- **DIRECTIONS**
The response should contain all of the data below, reproduced exactly, and no pictures.

- **THE DATA**
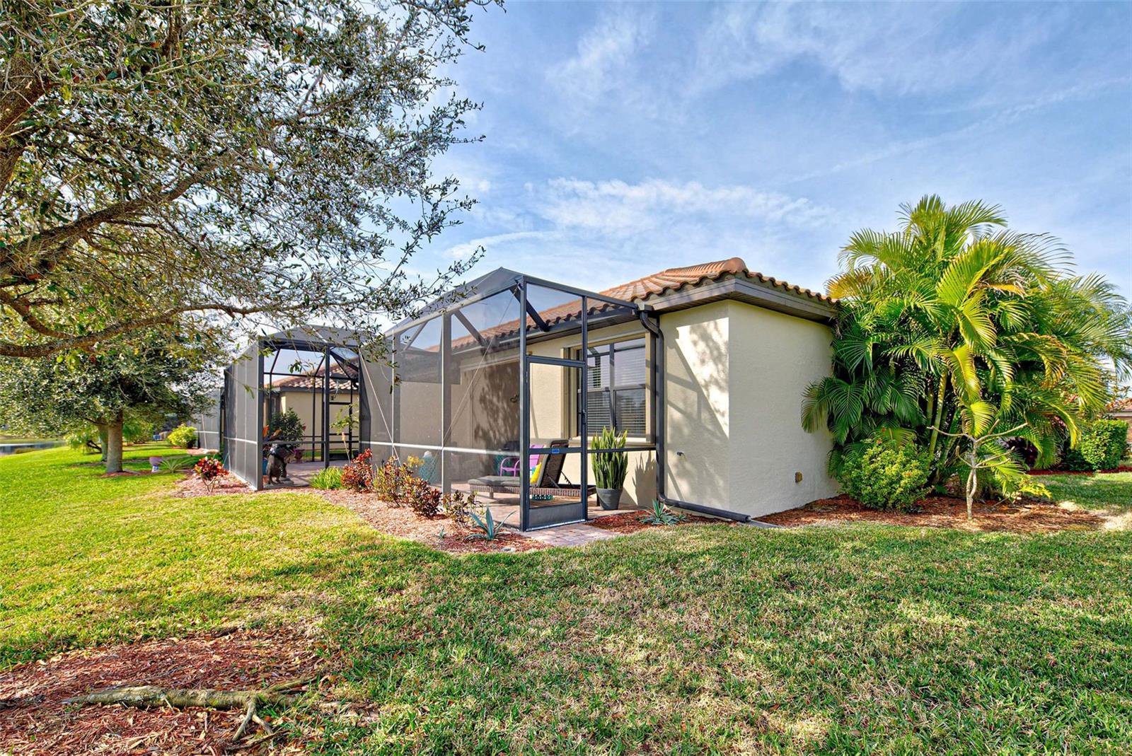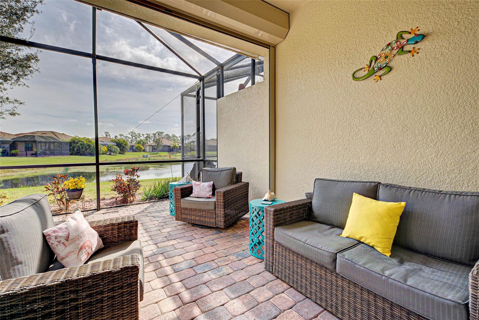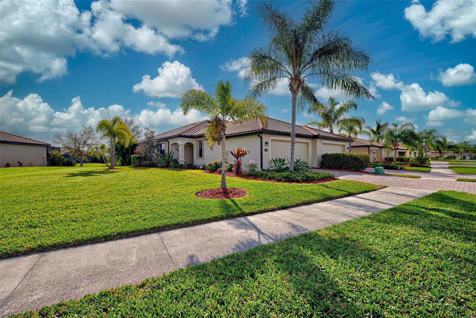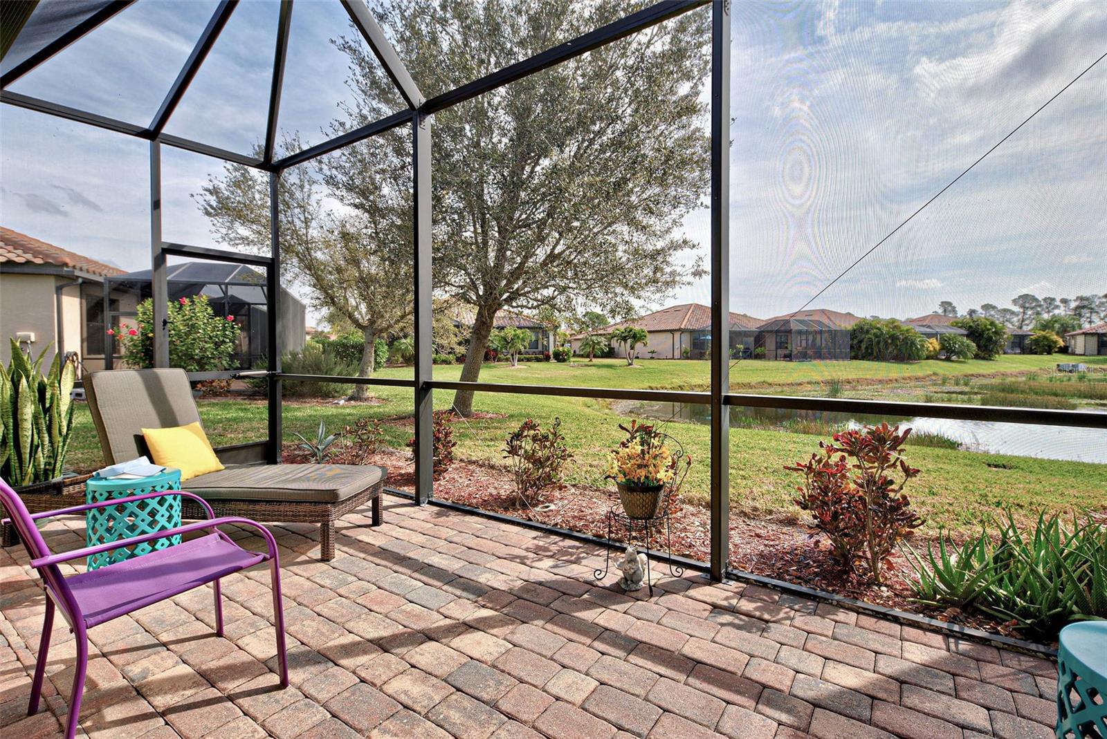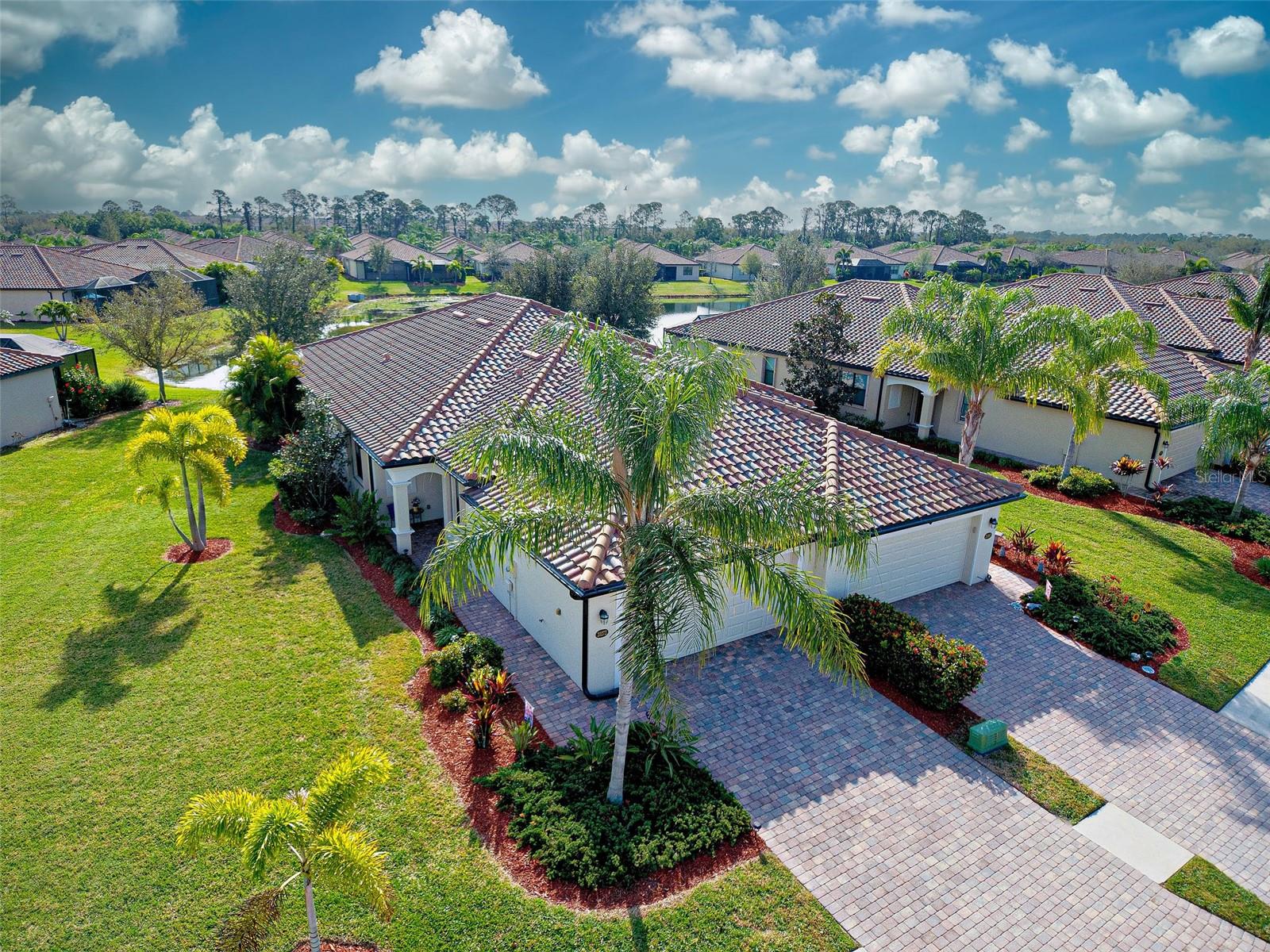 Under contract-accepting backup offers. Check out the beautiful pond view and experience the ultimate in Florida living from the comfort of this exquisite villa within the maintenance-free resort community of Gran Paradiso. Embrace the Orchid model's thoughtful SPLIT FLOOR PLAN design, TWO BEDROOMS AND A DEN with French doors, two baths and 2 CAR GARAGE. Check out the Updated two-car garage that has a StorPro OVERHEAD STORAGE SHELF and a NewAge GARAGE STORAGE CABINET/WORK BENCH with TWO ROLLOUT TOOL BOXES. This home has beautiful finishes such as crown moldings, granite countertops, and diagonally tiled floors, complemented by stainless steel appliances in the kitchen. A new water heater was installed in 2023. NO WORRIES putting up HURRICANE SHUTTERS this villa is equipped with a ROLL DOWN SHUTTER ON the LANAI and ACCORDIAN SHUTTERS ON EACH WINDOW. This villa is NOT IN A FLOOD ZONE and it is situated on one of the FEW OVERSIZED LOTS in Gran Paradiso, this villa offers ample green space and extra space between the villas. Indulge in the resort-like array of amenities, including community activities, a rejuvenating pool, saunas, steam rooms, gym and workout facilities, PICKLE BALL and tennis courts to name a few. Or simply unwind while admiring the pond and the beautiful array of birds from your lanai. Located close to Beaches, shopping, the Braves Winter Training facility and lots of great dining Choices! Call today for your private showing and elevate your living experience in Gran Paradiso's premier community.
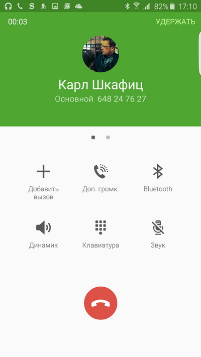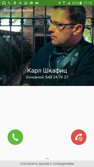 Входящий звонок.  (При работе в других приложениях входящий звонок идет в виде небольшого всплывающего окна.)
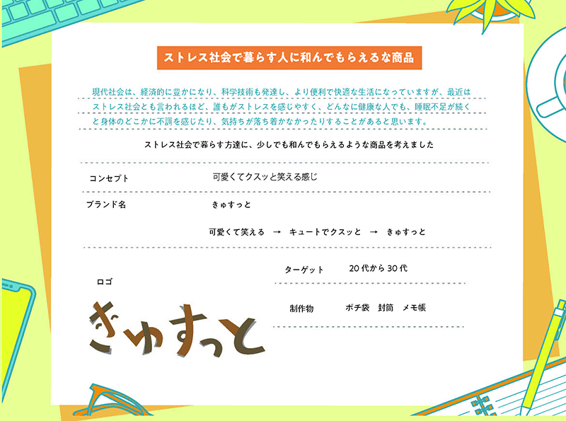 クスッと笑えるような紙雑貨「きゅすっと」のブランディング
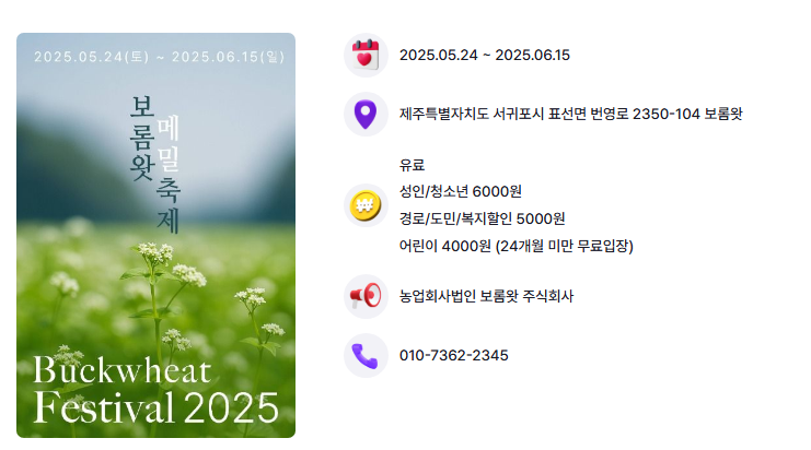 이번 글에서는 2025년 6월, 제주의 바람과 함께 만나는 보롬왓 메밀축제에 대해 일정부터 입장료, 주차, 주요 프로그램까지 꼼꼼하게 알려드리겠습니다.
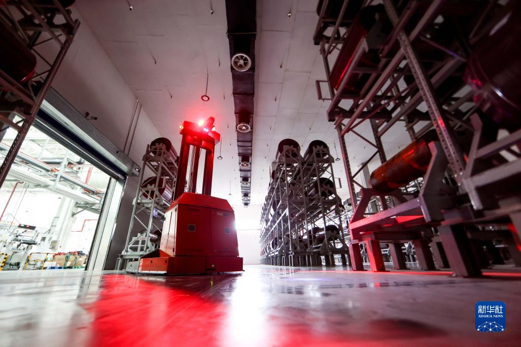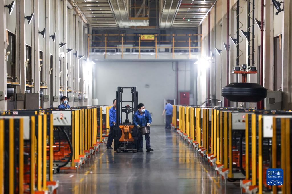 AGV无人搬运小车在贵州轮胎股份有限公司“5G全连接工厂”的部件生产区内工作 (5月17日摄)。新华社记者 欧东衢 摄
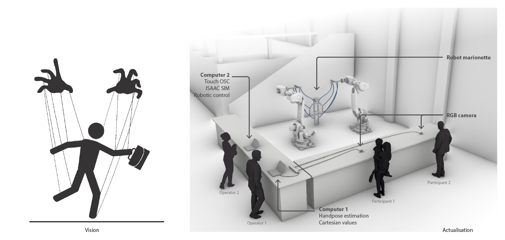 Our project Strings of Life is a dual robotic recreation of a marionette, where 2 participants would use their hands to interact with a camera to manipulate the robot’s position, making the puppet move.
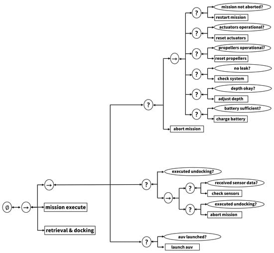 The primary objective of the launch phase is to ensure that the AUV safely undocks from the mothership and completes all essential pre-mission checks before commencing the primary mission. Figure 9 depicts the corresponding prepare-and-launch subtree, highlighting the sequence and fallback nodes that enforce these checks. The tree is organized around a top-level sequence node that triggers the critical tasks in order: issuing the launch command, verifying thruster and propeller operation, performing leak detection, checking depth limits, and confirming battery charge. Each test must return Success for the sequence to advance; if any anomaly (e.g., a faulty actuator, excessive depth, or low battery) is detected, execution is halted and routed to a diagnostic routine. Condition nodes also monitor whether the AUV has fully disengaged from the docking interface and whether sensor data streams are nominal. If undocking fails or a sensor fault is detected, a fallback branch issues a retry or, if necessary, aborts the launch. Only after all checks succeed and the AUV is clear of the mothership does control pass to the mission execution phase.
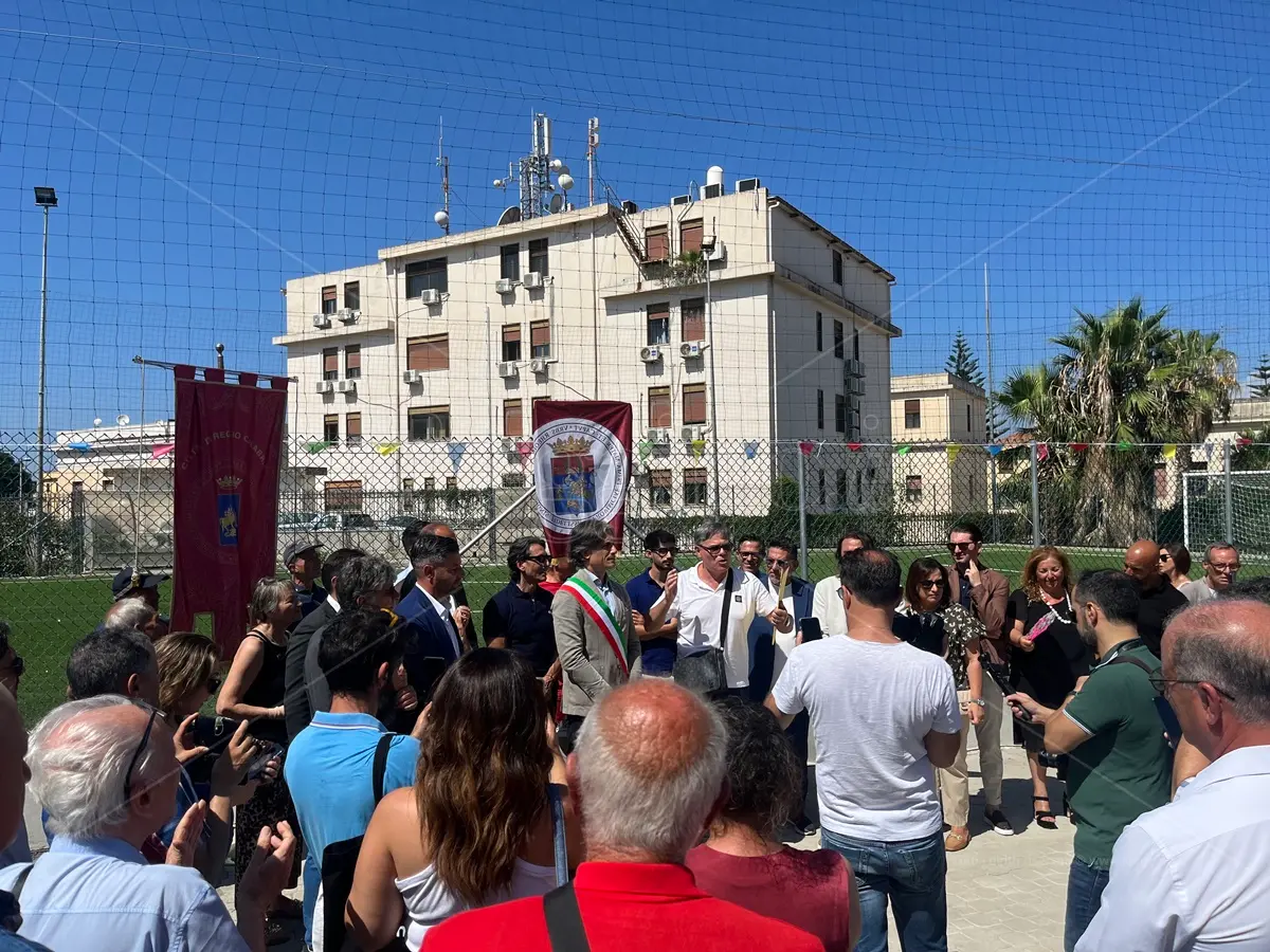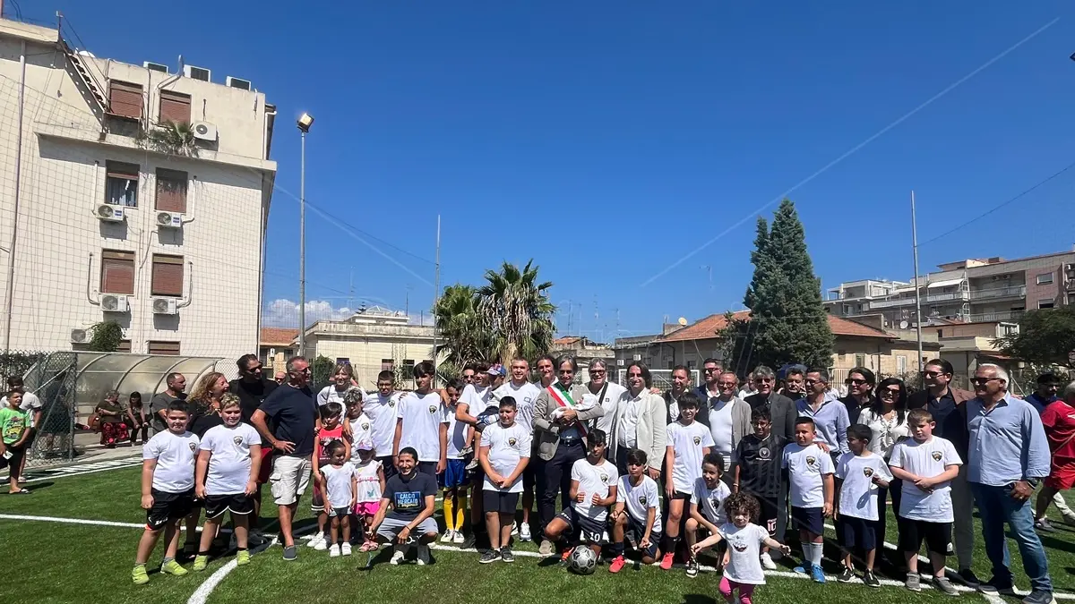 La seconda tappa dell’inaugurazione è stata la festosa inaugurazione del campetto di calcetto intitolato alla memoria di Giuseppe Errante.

- **RESULT BELOW**
 Under contract-accepting backup offers. Check out the beautiful pond view and experience the ultimate in Florida living from the comfort of this exquisite villa within the maintenance-free resort community of Gran Paradiso. Embrace the Orchid model's thoughtful SPLIT FLOOR PLAN design, TWO BEDROOMS AND A DEN with French doors, two baths and 2 CAR GARAGE. Check out the Updated two-car garage that has a StorPro OVERHEAD STORAGE SHELF and a NewAge GARAGE STORAGE CABINET/WORK BENCH with TWO ROLLOUT TOOL BOXES. This home has beautiful finishes such as crown moldings, granite countertops, and diagonally tiled floors, complemented by stainless steel appliances in the kitchen. A new water heater was installed in 2023. NO WORRIES putting up HURRICANE SHUTTERS this villa is equipped with a ROLL DOWN SHUTTER ON the LANAI and ACCORDIAN SHUTTERS ON EACH WINDOW. This villa is NOT IN A FLOOD ZONE and it is situated on one of the FEW OVERSIZED LOTS in Gran Paradiso, this villa offers ample green space and extra space between the villas. Indulge in the resort-like array of amenities, including community activities, a rejuvenating pool, saunas, steam rooms, gym and workout facilities, PICKLE BALL and tennis courts to name a few. Or simply unwind while admiring the pond and the beautiful array of birds from your lanai. Located close to Beaches, shopping, the Braves Winter Training facility and lots of great dining Choices! Call today for your private showing and elevate your living experience in Gran Paradiso's premier community.
 Входящий звонок.  (При работе в других приложениях входящий звонок идет в виде небольшого всплывающего окна.)
 クスッと笑えるような紙雑貨「きゅすっと」のブランディング
 이번 글에서는 2025년 6월, 제주의 바람과 함께 만나는 보롬왓 메밀축제에 대해 일정부터 입장료, 주차, 주요 프로그램까지 꼼꼼하게 알려드리겠습니다.
 AGV无人搬运小车在贵州轮胎股份有限公司“5G全连接工厂”的部件生产区内工作 (5月17日摄)。新华社记者 欧东衢 摄
 Our project Strings of Life is a dual robotic recreation of a marionette, where 2 participants would use their hands to interact with a camera to manipulate the robot’s position, making the puppet move.
 The primary objective of the launch phase is to ensure that the AUV safely undocks from the mothership and completes all essential pre-mission checks before commencing the primary mission. Figure 9 depicts the corresponding prepare-and-launch subtree, highlighting the sequence and fallback nodes that enforce these checks. The tree is organized around a top-level sequence node that triggers the critical tasks in order: issuing the launch command, verifying thruster and propeller operation, performing leak detection, checking depth limits, and confirming battery charge. Each test must return Success for the sequence to advance; if any anomaly (e.g., a faulty actuator, excessive depth, or low battery) is detected, execution is halted and routed to a diagnostic routine. Condition nodes also monitor whether the AUV has fully disengaged from the docking interface and whether sensor data streams are nominal. If undocking fails or a sensor fault is detected, a fallback branch issues a retry or, if necessary, aborts the launch. Only after all checks succeed and the AUV is clear of the mothership does control pass to the mission execution phase.
 La seconda tappa dell’inaugurazione è stata la festosa inaugurazione del campetto di calcetto intitolato alla memoria di Giuseppe Errante.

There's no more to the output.